▶ Problem to work on: Return, exactly and with nothing added, the line with "An additional question, in" together with all lines after it through the end of the data below. No pictures belong in the copy.
======== Records for the task
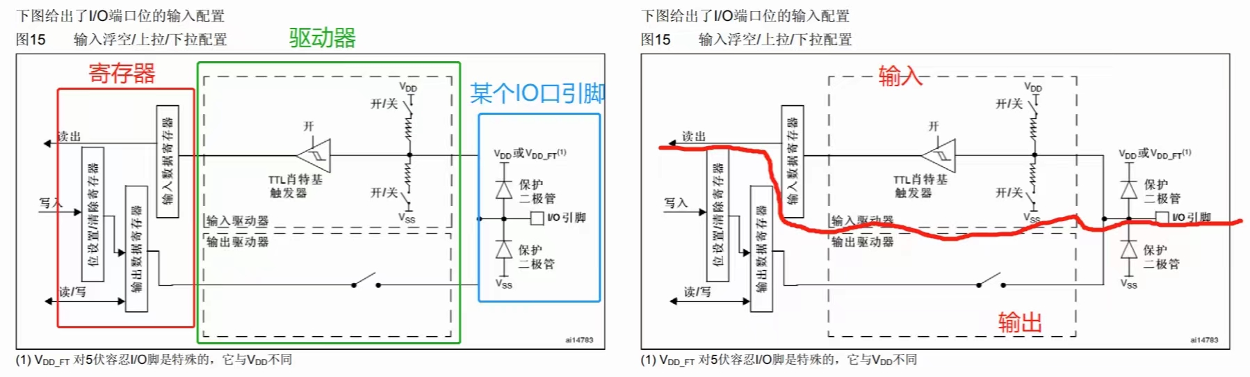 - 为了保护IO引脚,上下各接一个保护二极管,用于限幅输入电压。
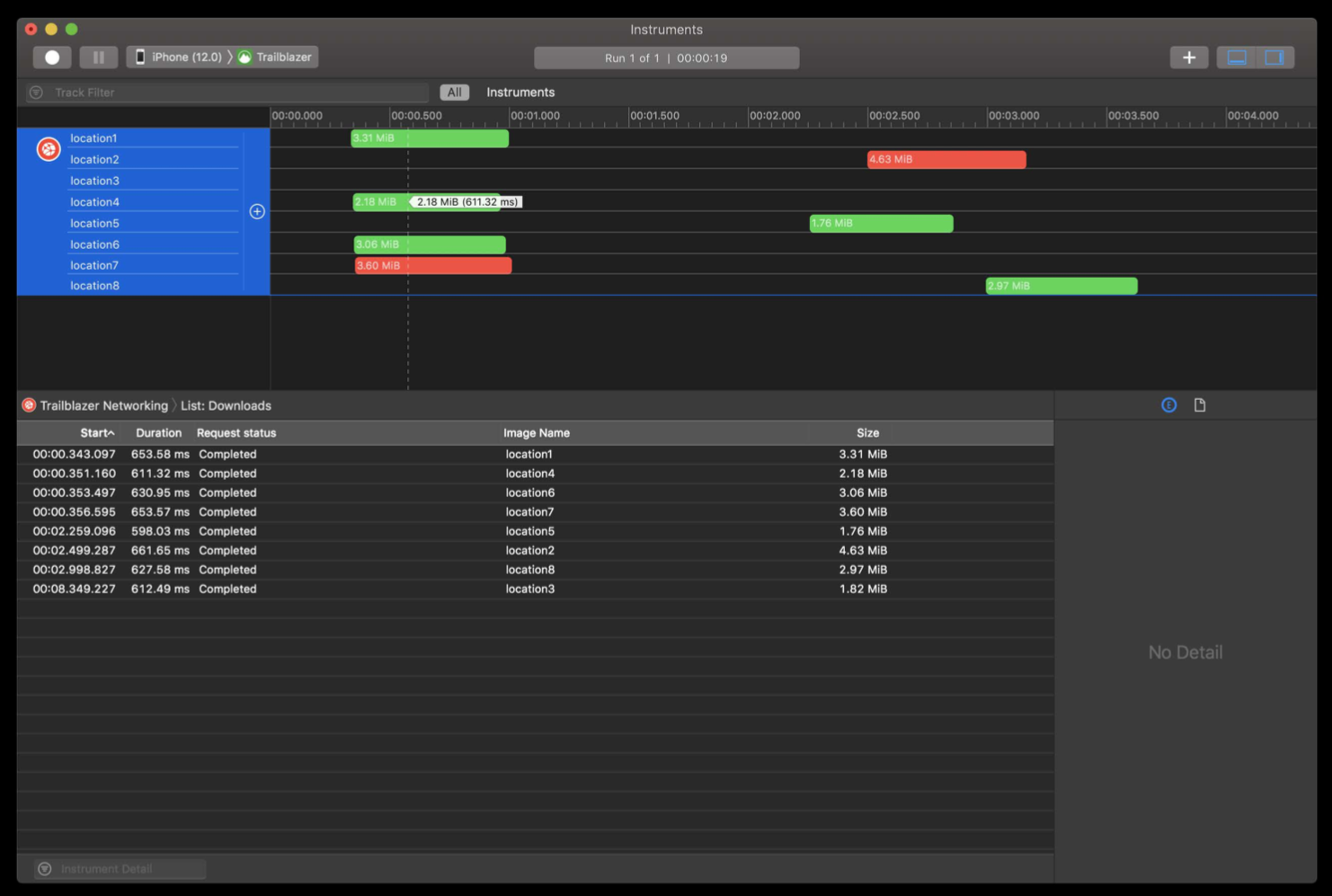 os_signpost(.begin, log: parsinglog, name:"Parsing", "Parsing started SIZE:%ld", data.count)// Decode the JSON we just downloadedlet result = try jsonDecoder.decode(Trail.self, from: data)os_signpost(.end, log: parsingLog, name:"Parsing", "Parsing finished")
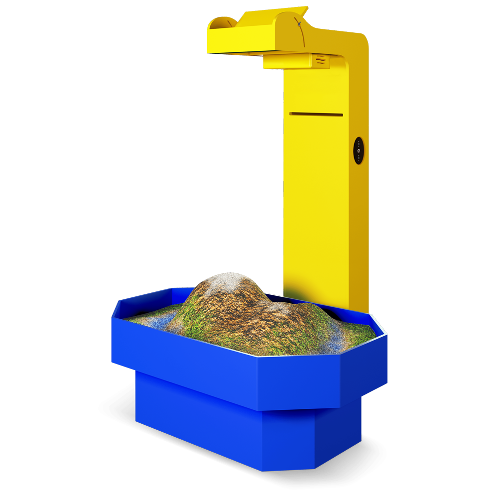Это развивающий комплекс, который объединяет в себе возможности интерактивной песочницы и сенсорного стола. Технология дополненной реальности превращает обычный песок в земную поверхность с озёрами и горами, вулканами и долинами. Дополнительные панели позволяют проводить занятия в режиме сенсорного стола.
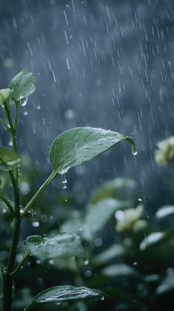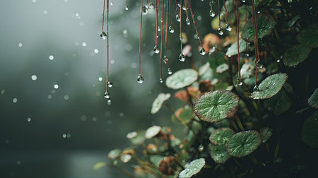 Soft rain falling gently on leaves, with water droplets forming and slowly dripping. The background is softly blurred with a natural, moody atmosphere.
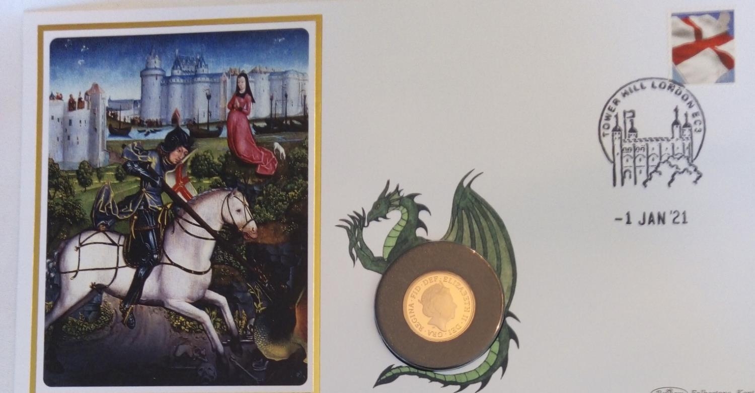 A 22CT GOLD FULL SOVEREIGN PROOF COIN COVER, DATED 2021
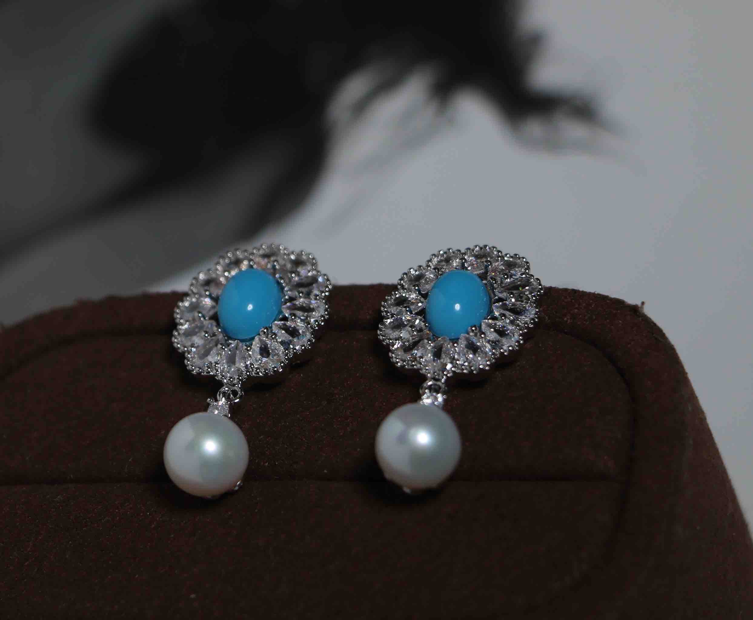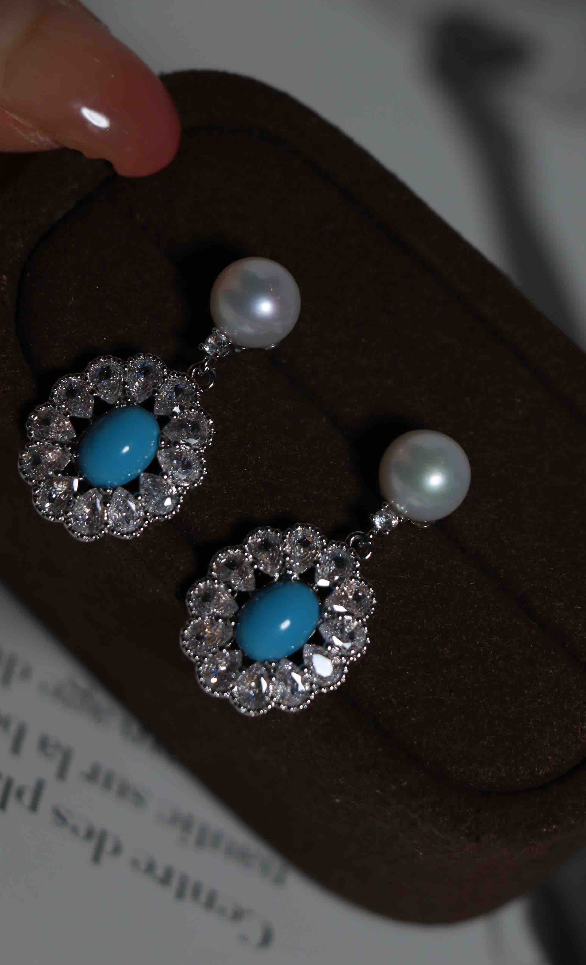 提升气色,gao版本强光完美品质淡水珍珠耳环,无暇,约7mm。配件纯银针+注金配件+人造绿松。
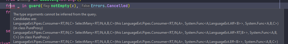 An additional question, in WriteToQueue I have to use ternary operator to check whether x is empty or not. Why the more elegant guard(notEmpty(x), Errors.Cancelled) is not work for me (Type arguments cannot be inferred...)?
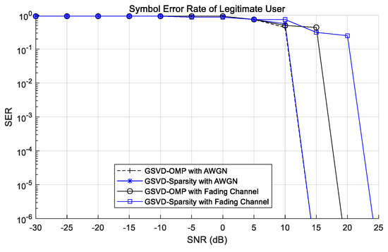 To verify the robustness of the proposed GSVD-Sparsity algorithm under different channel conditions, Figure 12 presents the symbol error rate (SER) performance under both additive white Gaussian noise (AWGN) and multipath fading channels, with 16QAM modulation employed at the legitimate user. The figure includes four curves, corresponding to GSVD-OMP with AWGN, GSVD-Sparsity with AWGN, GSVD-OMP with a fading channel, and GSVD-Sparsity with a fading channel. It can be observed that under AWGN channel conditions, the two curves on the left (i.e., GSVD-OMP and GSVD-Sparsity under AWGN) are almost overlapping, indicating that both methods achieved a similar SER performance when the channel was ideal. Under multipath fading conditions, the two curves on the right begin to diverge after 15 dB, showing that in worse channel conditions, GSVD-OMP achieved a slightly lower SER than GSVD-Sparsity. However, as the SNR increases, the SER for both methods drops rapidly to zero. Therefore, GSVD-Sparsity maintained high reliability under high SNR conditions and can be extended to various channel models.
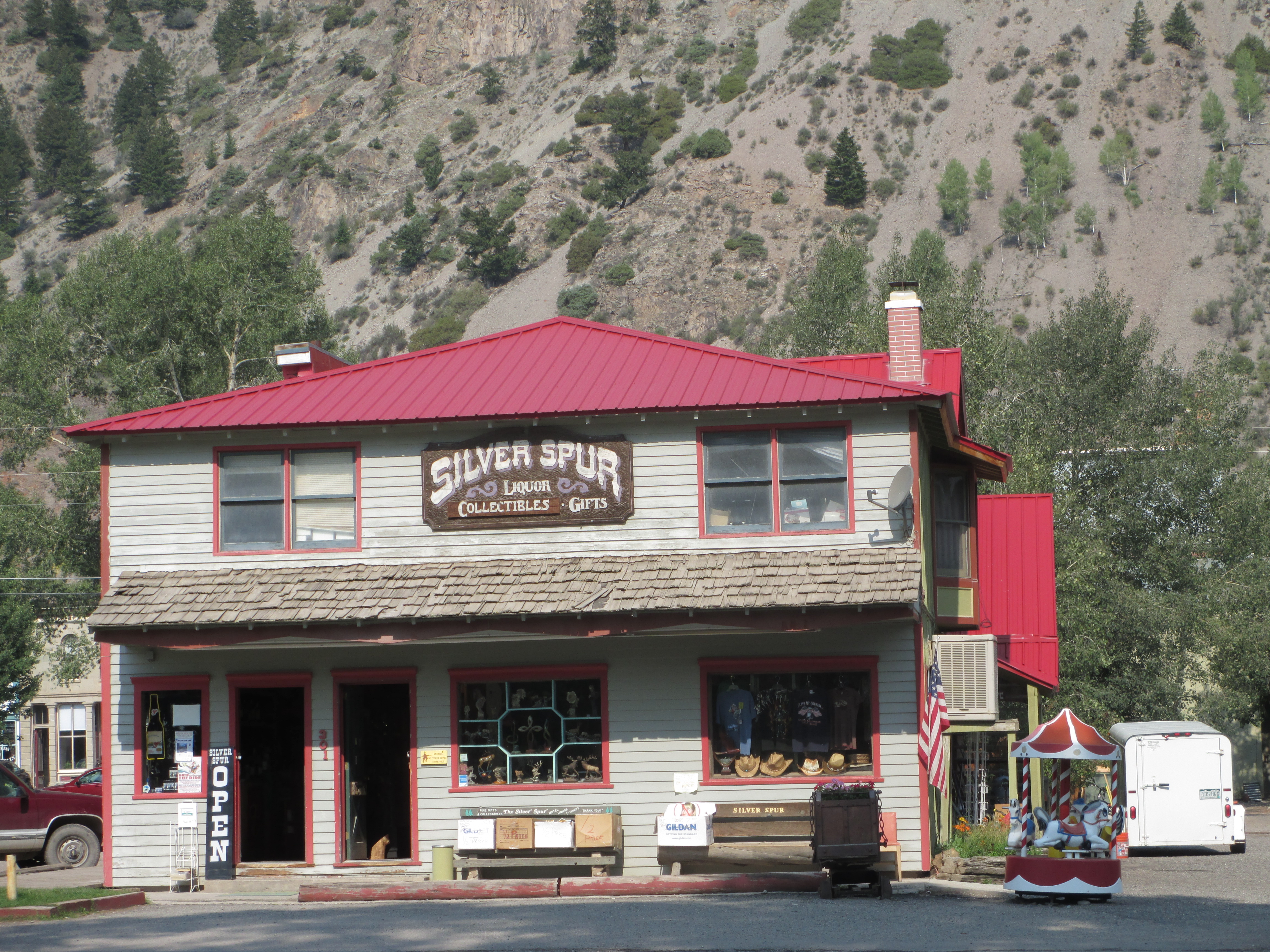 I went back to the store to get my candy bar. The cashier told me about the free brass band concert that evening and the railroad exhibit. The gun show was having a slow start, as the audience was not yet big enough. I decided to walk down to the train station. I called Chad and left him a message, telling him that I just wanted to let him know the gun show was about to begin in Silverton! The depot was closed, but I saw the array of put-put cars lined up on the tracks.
================
▶ Output of the exercise:
 An additional question, in WriteToQueue I have to use ternary operator to check whether x is empty or not. Why the more elegant guard(notEmpty(x), Errors.Cancelled) is not work for me (Type arguments cannot be inferred...)?
 To verify the robustness of the proposed GSVD-Sparsity algorithm under different channel conditions, Figure 12 presents the symbol error rate (SER) performance under both additive white Gaussian noise (AWGN) and multipath fading channels, with 16QAM modulation employed at the legitimate user. The figure includes four curves, corresponding to GSVD-OMP with AWGN, GSVD-Sparsity with AWGN, GSVD-OMP with a fading channel, and GSVD-Sparsity with a fading channel. It can be observed that under AWGN channel conditions, the two curves on the left (i.e., GSVD-OMP and GSVD-Sparsity under AWGN) are almost overlapping, indicating that both methods achieved a similar SER performance when the channel was ideal. Under multipath fading conditions, the two curves on the right begin to diverge after 15 dB, showing that in worse channel conditions, GSVD-OMP achieved a slightly lower SER than GSVD-Sparsity. However, as the SNR increases, the SER for both methods drops rapidly to zero. Therefore, GSVD-Sparsity maintained high reliability under high SNR conditions and can be extended to various channel models.
 I went back to the store to get my candy bar. The cashier told me about the free brass band concert that evening and the railroad exhibit. The gun show was having a slow start, as the audience was not yet big enough. I decided to walk down to the train station. I called Chad and left him a message, telling him that I just wanted to let him know the gun show was about to begin in Silverton! The depot was closed, but I saw the array of put-put cars lined up on the tracks.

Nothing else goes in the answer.